Das neue Sparpaket sei besonders schlimm. Schon jetzt liegt die Arbeitslosigkeit bei knapp 25 Prozent. Zum Ende des Jahres rechnet Isychos mit fast 30 Prozent. 75.000 kleine und mittlere Unternehmen hätten in den letzen zweieinhalb Jahren die Tore geschlossen. Die Löhne seien im Schnitt bereits um 50 Prozent gekürzt worden. Griechenland solle auf das Lohnniveau Bulgariens gedrückt werden, berichtet Isychos wie auch mancher andere Gesprächspartner.

Die Bundesregierung hatte bereits im Mai die Einrichtung von Sonderwirtschaftszonen ins Gespräch gebracht. Derlei Maßnahmen sind hinlänglich aus Südostasien bekannt. Dort gelten für gewöhnlich Steuererleichterungen und andere Sonderrechte für die sich ansiedelnden Unternehmen, während die Beschäftigten keine oder nur eingeschränkte gewerkschaftliche Rechte genießen.

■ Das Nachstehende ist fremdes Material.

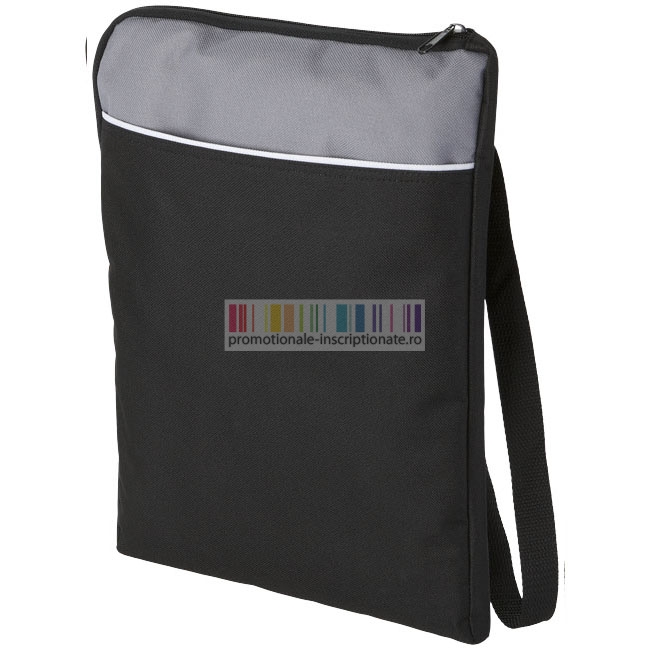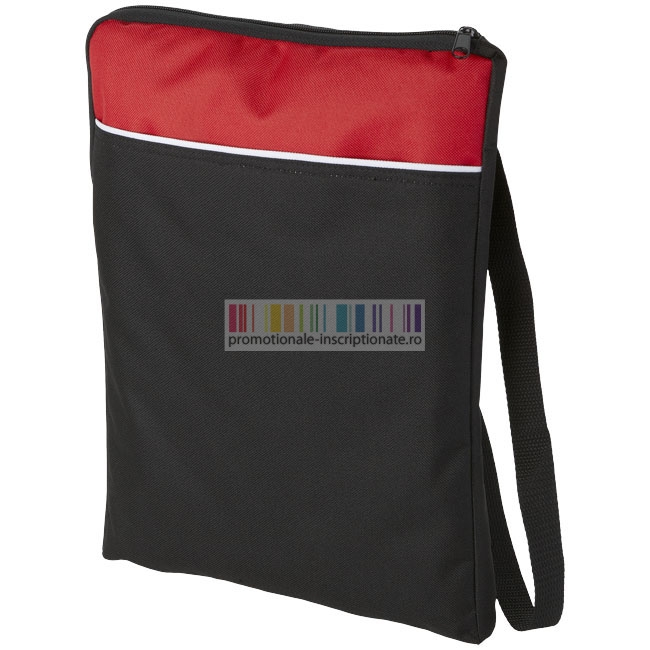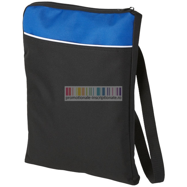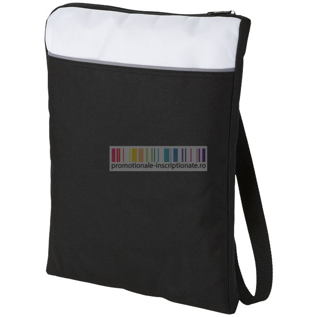 Borseta de umar bicolora, confectionata din poliester cu compartiment principal spatios pentru documente A4, cu inchidere prin fermoar si bareta pentru umar din banda neagra.
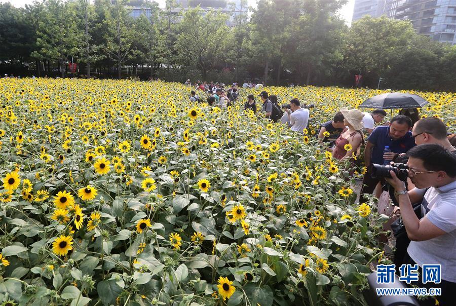 7月14日,游客在上海南园滨江绿地拍照、赏花。新华社记者 陈飞 摄

Isychos sieht in den Vorschlägen denn auch das Bestreben, in Europa ein Lohngefüge zu schaffen, das es mit den Verhältnissen in China aufnehmen könnte. Griechenland solle zu einer neuen Neokolonie gemacht werden, damit die europäischen Konzerne es mit der Konkurrenz in den USA und in China aufnehmen können. Anderen südeuropäischen Ländern drohe das gleiche Schicksal.